Les dirigeants turcs affirment que la sécurité européenne est tout simplement inconcevable sans la Turquie. Erdogan appuie cette position sur des chiffres concrets : la Turquie possède la deuxième armée la plus importante de l’OTAN avec 355 000 soldats, soit nettement plus que la France (202 000) ou le Royaume-Uni (141 000). C’est une armée aguerrie, forte d’une expérience opérationnelle concrète acquise dans diverses zones de conflit, de la Syrie et la Libye au soutien apporté à l’Ukraine.
Qu’est-ce qui distingue la politique étrangère turque de l’approche européenne ?

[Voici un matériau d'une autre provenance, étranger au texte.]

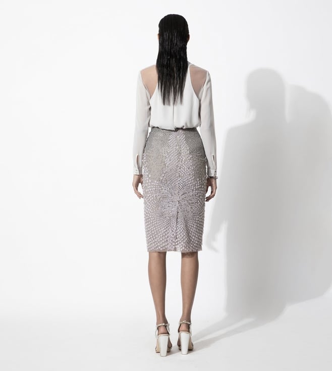 Rohit Gandhi Rahul Khanna Silver White Tonal Applique Work Top
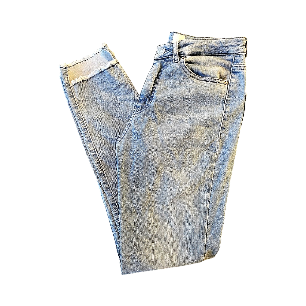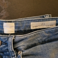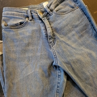 Hyvin vähän käytetyt Bossin skinny-farkut joissa spesiaali leikkaus lahkeen etuosassa. Vyötärö leveys 31cm ja korkeus 24cm, lahkeen sisäpituus edestä 65cm ja takaa 70cm.

La Turquie pratique déjà ce que l'Europe recherche seulement maintenant : l'autonomie stratégique. Cette indépendance découle de sa situation géographique et de sa puissance militaire. Ankara contrôle l'accès à la mer Noire par les détroits du Bosphore et des Dardanelles et projette sa puissance jusqu'au Caucase du Sud et au Moyen-Orient.

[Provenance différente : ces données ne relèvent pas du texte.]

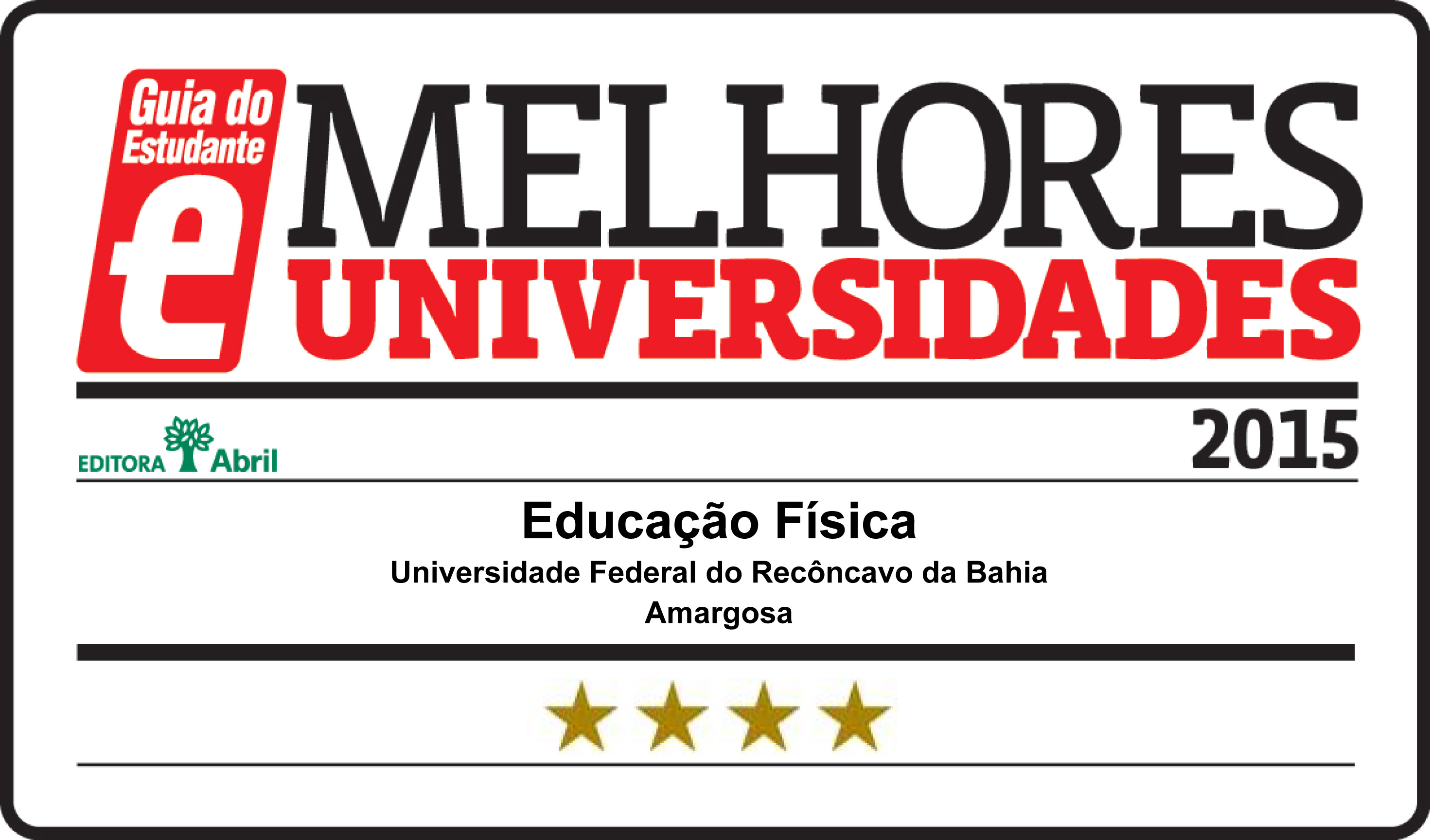 Quinze cursos de graduação da Universidade Federal do Recôncavo da Bahia (UFRB) foram avaliados pelo Guia do Estudante 2016 (GE) do Grupo Abril. Os cursos de Agronomia do Centro de Ciências Agrárias, Ambientais e Biológicas (CCAAB) e Educação Física do Centro de Formação de Professores (CFP) se destacaram e receberam quatro estrelas, correspondente ao conceito “muito bom”.

La politique étrangère turque se caractérise par un exercice d'équilibriste pragmatique. Si Ankara soutient l'Ukraine en lui fournissant des armes et en défend l'intégrité territoriale, elle entretient simultanément des relations commerciales fructueuses avec la Russie. Cet exercice d'équilibriste permet à la Turquie de se présenter comme un médiateur impartial auprès des belligérants, tout en participant aux réunions de la « coalition des volontaires », qui discute des garanties de sécurité militaire pour l'Ukraine.
Quel rôle joue l'accord sur les Eurofighter dans les relations germano-turques ?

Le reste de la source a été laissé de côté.